Work to complete:
Copy the data exactly; pictures stay out of the copy.
*** Information shown Section Begins ***
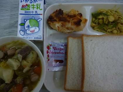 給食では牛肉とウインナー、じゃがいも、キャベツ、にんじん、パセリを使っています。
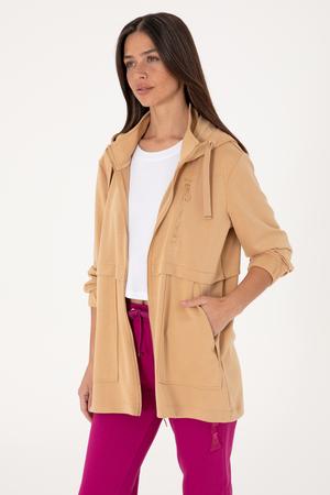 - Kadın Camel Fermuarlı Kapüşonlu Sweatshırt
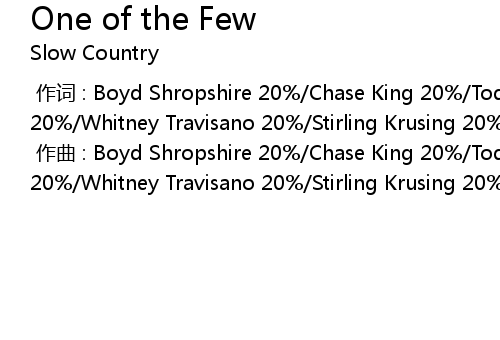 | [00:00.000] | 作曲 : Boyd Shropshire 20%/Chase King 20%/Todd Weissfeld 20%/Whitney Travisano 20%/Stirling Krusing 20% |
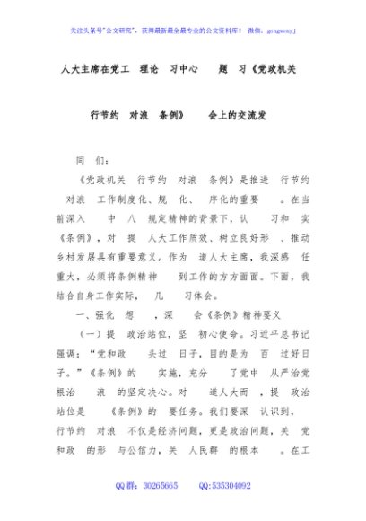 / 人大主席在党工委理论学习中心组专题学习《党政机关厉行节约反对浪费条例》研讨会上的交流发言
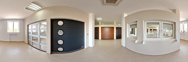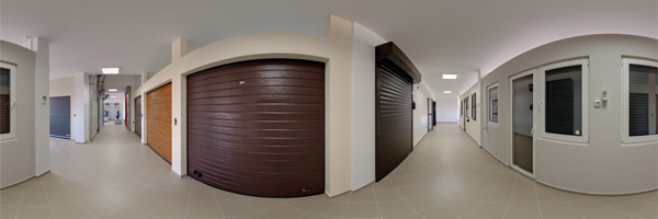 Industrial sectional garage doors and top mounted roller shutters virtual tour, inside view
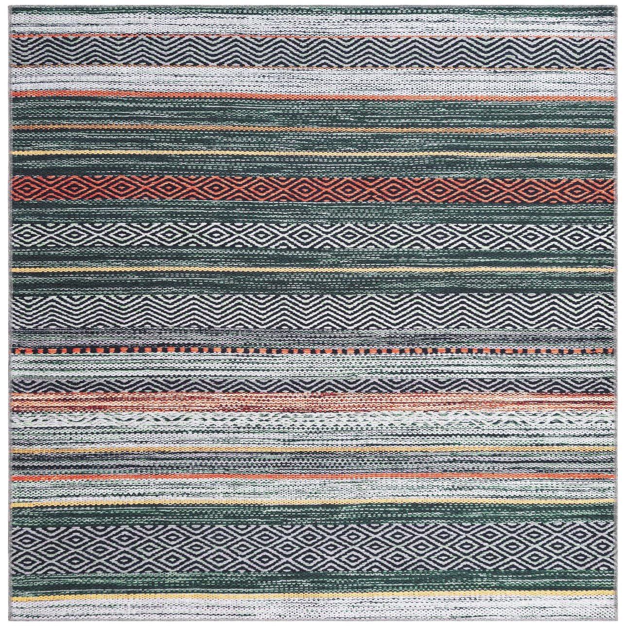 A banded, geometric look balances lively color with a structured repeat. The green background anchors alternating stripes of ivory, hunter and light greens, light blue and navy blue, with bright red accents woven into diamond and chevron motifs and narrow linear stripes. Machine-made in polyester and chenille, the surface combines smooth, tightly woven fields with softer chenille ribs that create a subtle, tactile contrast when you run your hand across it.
*** Information shown Section Ends ***
Response to this exercise:
 給食では牛肉とウインナー、じゃがいも、キャベツ、にんじん、パセリを使っています。
 - Kadın Camel Fermuarlı Kapüşonlu Sweatshırt
 | [00:00.000] | 作曲 : Boyd Shropshire 20%/Chase King 20%/Todd Weissfeld 20%/Whitney Travisano 20%/Stirling Krusing 20% |
 / 人大主席在党工委理论学习中心组专题学习《党政机关厉行节约反对浪费条例》研讨会上的交流发言
 Industrial sectional garage doors and top mounted roller shutters virtual tour, inside view
 A banded, geometric look balances lively color with a structured repeat. The green background anchors alternating stripes of ivory, hunter and light greens, light blue and navy blue, with bright red accents woven into diamond and chevron motifs and narrow linear stripes. Machine-made in polyester and chenille, the surface combines smooth, tightly woven fields with softer chenille ribs that create a subtle, tactile contrast when you run your hand across it.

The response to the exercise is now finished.